- [EXERCISE INSTRUCTIONS]
Print, with no pictures, the exact lines that run from the one containing "Select Import File…" through the last line of the material below, both ends included.

- [DATA BLOCK]
BEGIN
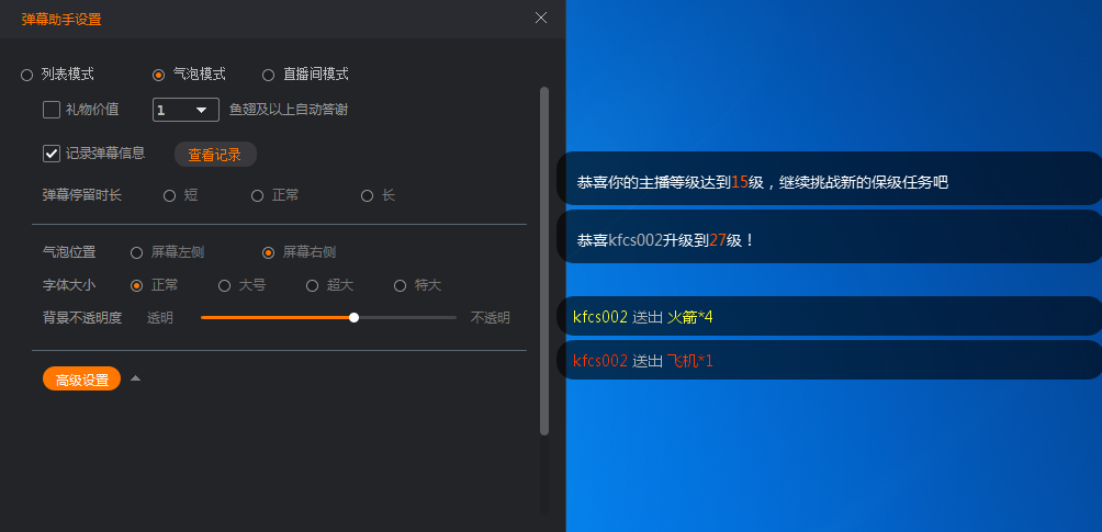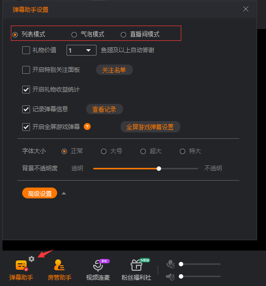 一、点击弹幕助手右上角小齿轮,弹出弹幕助手设置窗口,可发现三种模式:列表模式、气泡模式、直播间模式,下面分别介绍:
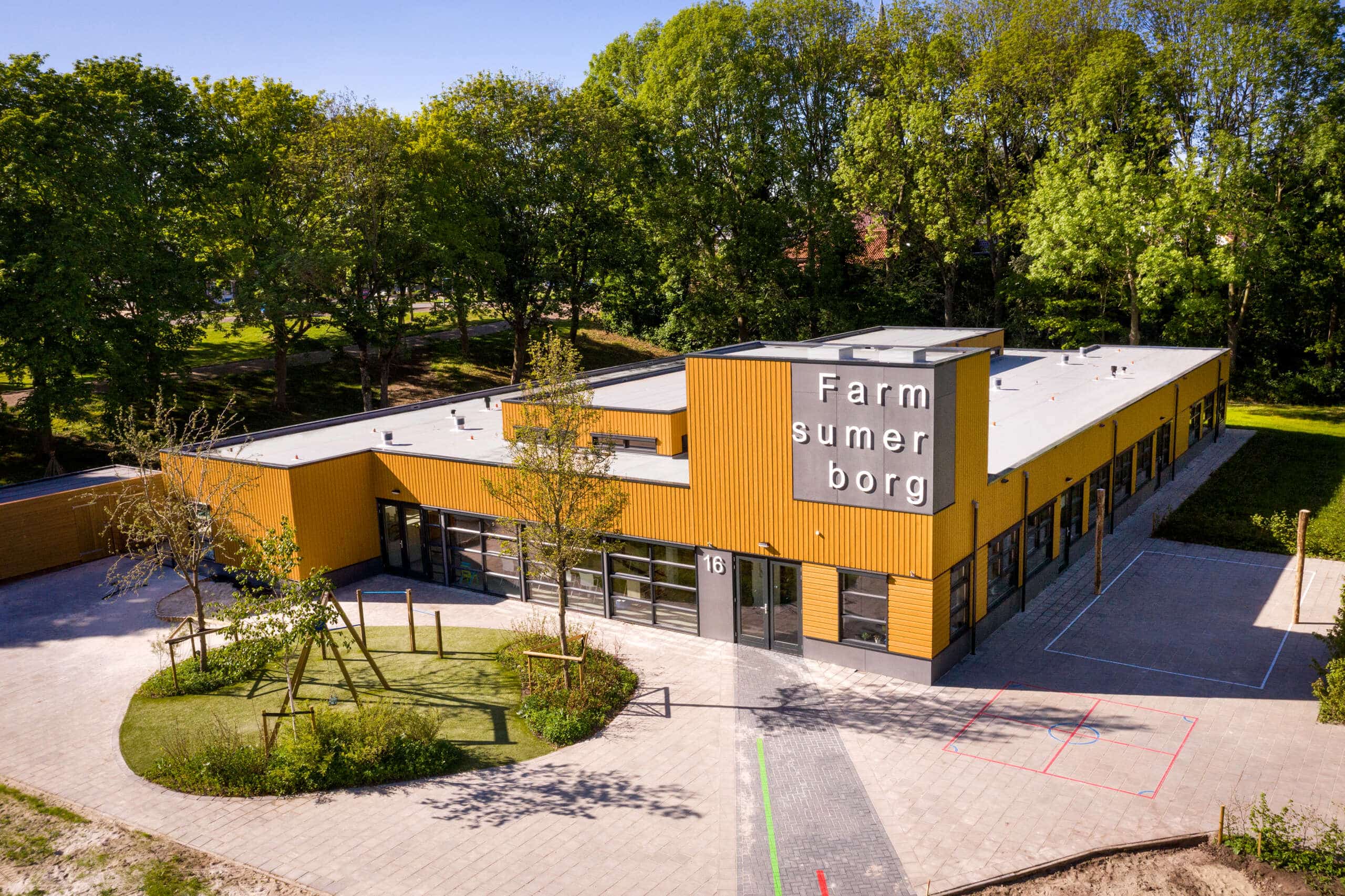 L’école primaire Farmsumerborg et De Springplank, la crèche de Kids2bhebben, ont pris leurs quartiers dans cet immeuble semi-permanent. L’ancien bâtiment du Rengersborg et De Springplank (crèche) ont été démolis. C’est là que le nouveau centre pour enfants semi-permanent a été construit. Le choix s’est porté sur une école spacieuse avec un caractère ouvert pour créer un cadre reposant. La configuration de l’école est basée sur des locaux en vis-à-vis et une salle de travail très lumineuse. Les locaux sont reliés de manière transparente à la salle de travail. Le bâtiment est bien isolé et entièrement électrique. Il est également équipé d’une pompe à chaleur, de fenêtres électriques dans la mezzanine et de stores électriques tout autour.
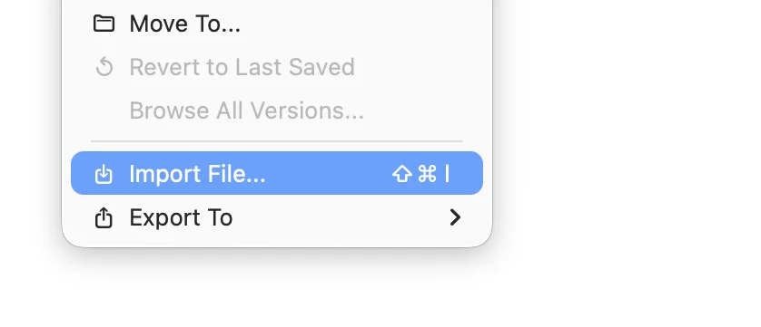 Select Import File… in File menu and select a file format. The contents of this file are added to the HTTP message history of the currently open document. Use shift-command-i keyboard shortcut to quickly open the file selection dialog.
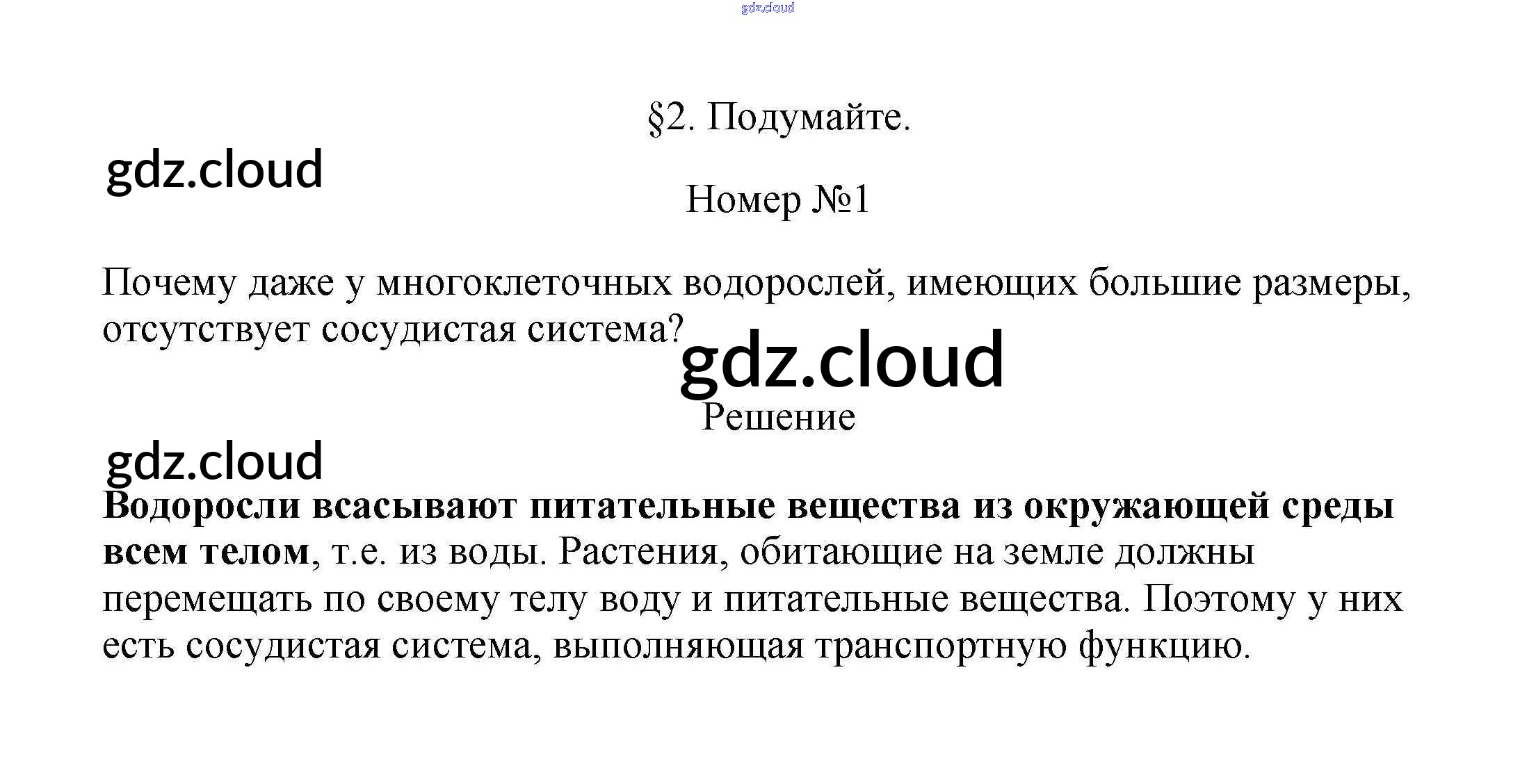 Подумайте Ответы к §2. Группа отделов Водоросли по Биологии 7 класс Учебник Пасечник Линейный курс Дрофа
END
- [RESULT BELOW]
 Select Import File… in File menu and select a file format. The contents of this file are added to the HTTP message history of the currently open document. Use shift-command-i keyboard shortcut to quickly open the file selection dialog.
 Подумайте Ответы к §2. Группа отделов Водоросли по Биологии 7 класс Учебник Пасечник Линейный курс Дрофа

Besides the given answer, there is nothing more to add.